The interesting thing comes via Twitter. Uri Shalit, who’s a prof at Technion, noticed something very interesting in the appendix. Table 1 in the appendix showed that regularized logistic regression performs almost exactly as well as the complicated deep net.

Once again, the Goliath of AI is slain by the David of “really boring statistical methods”.

But again, there’s more to this than that. Firstly, the logistic regression required some light “feature engineering” (ie people who knew what they were doing had to do something to the covariates). In particular, they had to separate them into time bins to allow the model to do a good job at modelling time. The Deep Net didn’t need that.

This particular case of feature engineering is trivial, but in a lot of cases it’s careful understanding of the structure of the problem that lets us use simple statistical techniques instead of something weird and complex. My favourite example of this is Bin Yu’s work where she (read: her and a lot of collaborators) basically reconstructed movies a person was watching from an fMRI scan! The way they did it was to understand how certain patterns excite certain pathway (basically using existing science) and putting those activation patterns in as covariates in a LASSO regression. So the simplest modern technique + feature engineering (aka science) gave *fabulous *results.

The argument for all of these complex AI and deep learning methods is that they allow us to be a little more sloppy with the science. And it seems to work quite well for images and movies, which are extremely structured. But electronic health records are not particularly structured and can have some really weird missingness problems, so it’s not clear that the same methods will have as much room to move. In this case a pretty boring regularized logistic regression does almost exactly as well, which suggests that the deep net is not able to really fly.

The path forward now is to start understanding these cases, working out how things work, when things work, and what techniques we can beg borrow and steal from other areas of stats and machine learning. Because deep learning is not a panacea, it’s just a boy standing in front of a girl asking her to love him.

Dan:

Thanks. This blog can always use a bit more literary criticism.

I usually only read trash. Definitely not stuff I can shoehorn into a discussion about NNs

“Now as a general rule, anytime someone whips out Stone-Weierstrass I feel a little skeptical. Because the bit of me that remembers my approximation theory remembers that the construction in this theorem is very slow to converge. I’m also alarmed by the use of high-degree polynomial regression using the natural basis and no regularization. Both of these things are a very bad idea.”

This is not quite how I reacted to the paper. First, the authors are mostly using _quadratic_ polynomials and arguing that using NNs is like using high-degree polynomials.

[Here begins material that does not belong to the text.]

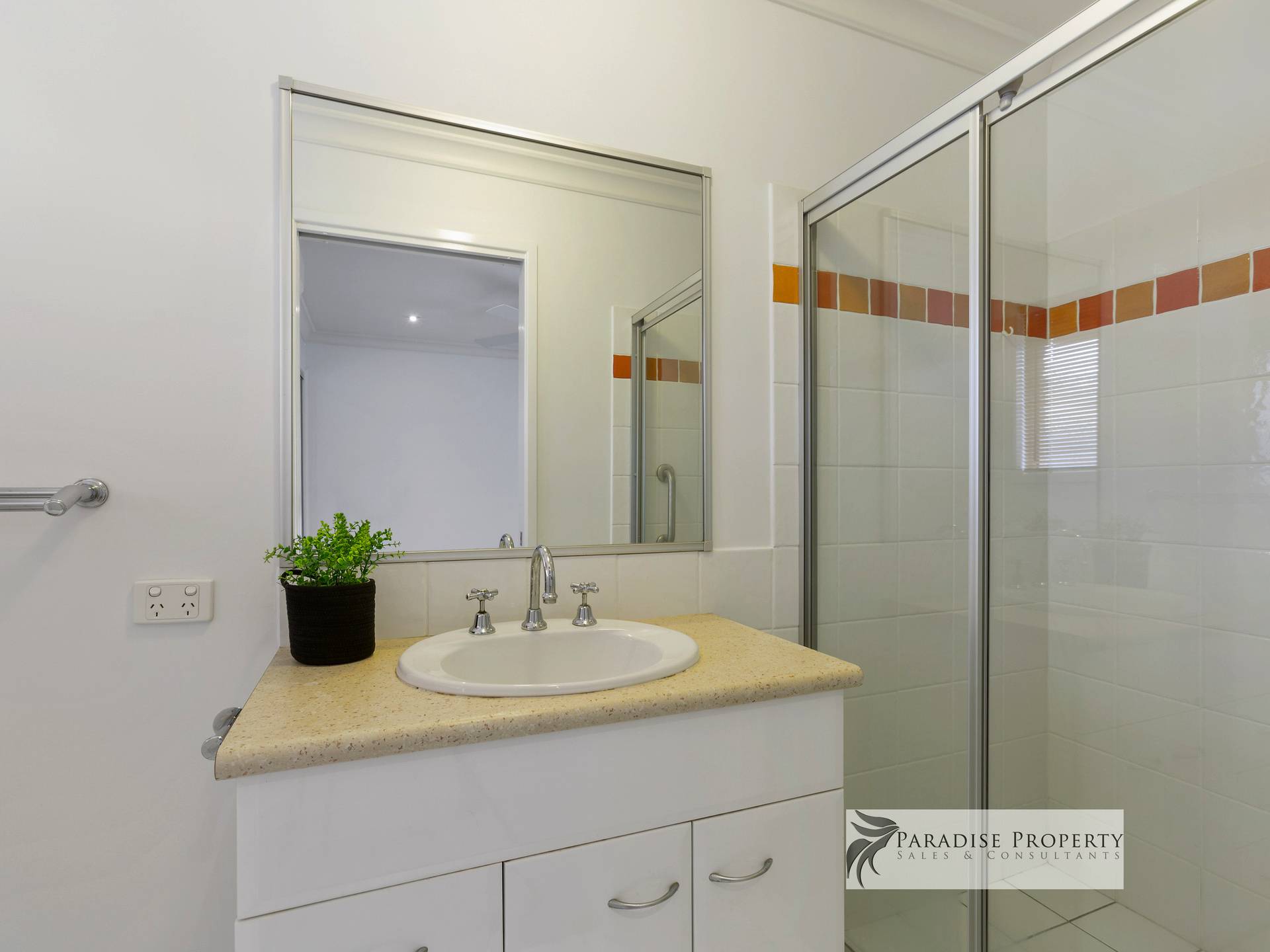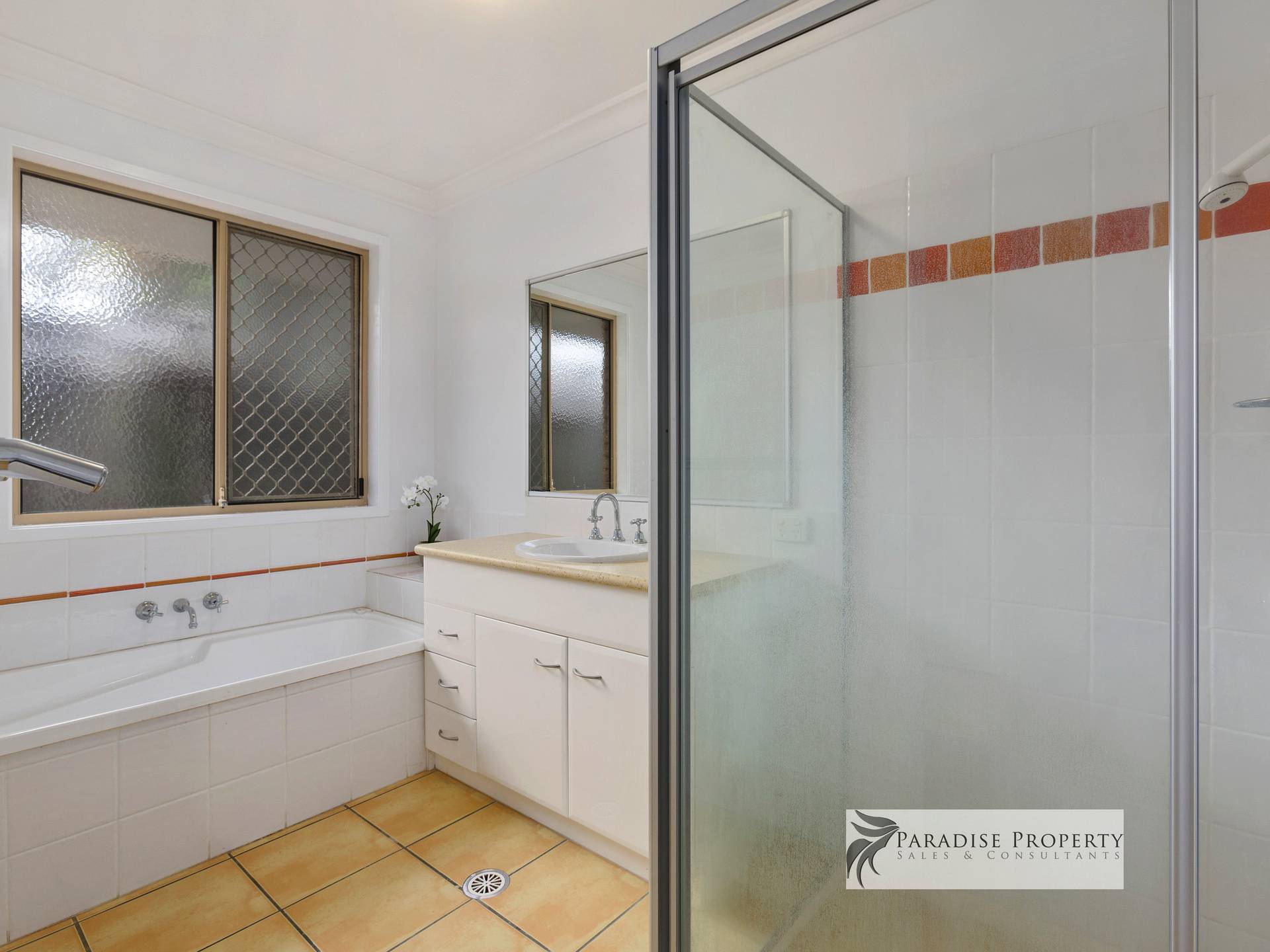 With 4 bedrooms (all with built-in robes + new ceiling fans) – the air-conditioned master bedroom is at the back of the house for extra privacy, with its own en-suite + separate access outdoors.

See last slide of

http://heather.cs.ucdavis.edu/polygrail.pdf

I guess limiting the degree is a form of regularization, but I agree they should also be regularizing the coefficients for any given degree polynomial.

Second, whenever someone whips out a criticism of whipping out the Stone-Weierstrass theorem (Andrew did also in an email to me and Bob) I whip out my goto criticism of the criticism of the Stone-Weierstrass theorem:

http://www.chebfun.org/ATAP/atap-first6chapters.pdf (last paragraph of chapter 6)

“The trouble with this line of research is that for almost all the functions encountered in practice, Chebyshev interpolation works

beautifully! Weierstrass’s theorem has encouraged mathematicians over the years to give too much of their attention to pathological

functions at the edge of discontinuity, leading to the bizarre and unfortunate situation where many books on numerical analysis caution

their readers that interpolation may fail without mentioning that for functions with a little bit of smoothness, it succeeds

outstandingly.”

The end of https://www.boost.org/doc/libs/1_67_0/libs/math/doc/html/math_toolkit/sf_poly/chebyshev.html references this book when discussing its chebyshev_transform function, which inputs a function on the (a, b) interval and outputs the near-minimax polynomial for that function. It worked well for me when doing an integral that could otherwise only be done with the integrate_1d() function in Stan that Ben Bales is close to merging. It would be interesting to see someone plug in their NN activation function and see how mini the near-minimax approximation to it is.

Two things:

1) I don’t think most NNs in practice use quadratic activation functions, so S-W is definitely important. The network itself will be much higher degree (doubling on every layer). So the polynomial basis they’re using for regression is of a very high degree (see the tables)

2) Chebfun work typically assumes functions are (piecewise) analytic. In that case I’m skeptical if people pulling out S-W because it’s the wrong tool. My PhD was pretty heavy on approximation theory. I am aware of the literature. My reading of the paper was that it was being applied only to the activation function not to the response surface, so smoothness may be sensible.

Re: Firstly, because even from one of my favourite authors, I am basically allergic to people writing about maths and mathematicians. It’s always so stodgy and wooden, as if they are writing about a world they don’t understand but also can’t convincingly fake.

—

I don’t know, I am on the fence about whether Frank Plumpton Ramsey’s sister did justice to Frank’s life. I can say being related to the family that I was shocked that Frank was engaged in a open marriage. I guess as a sister, it’s hard to get into the steamy stuff. But our family, as probably nearly all families, has its share of iconoclasts and eccentrics.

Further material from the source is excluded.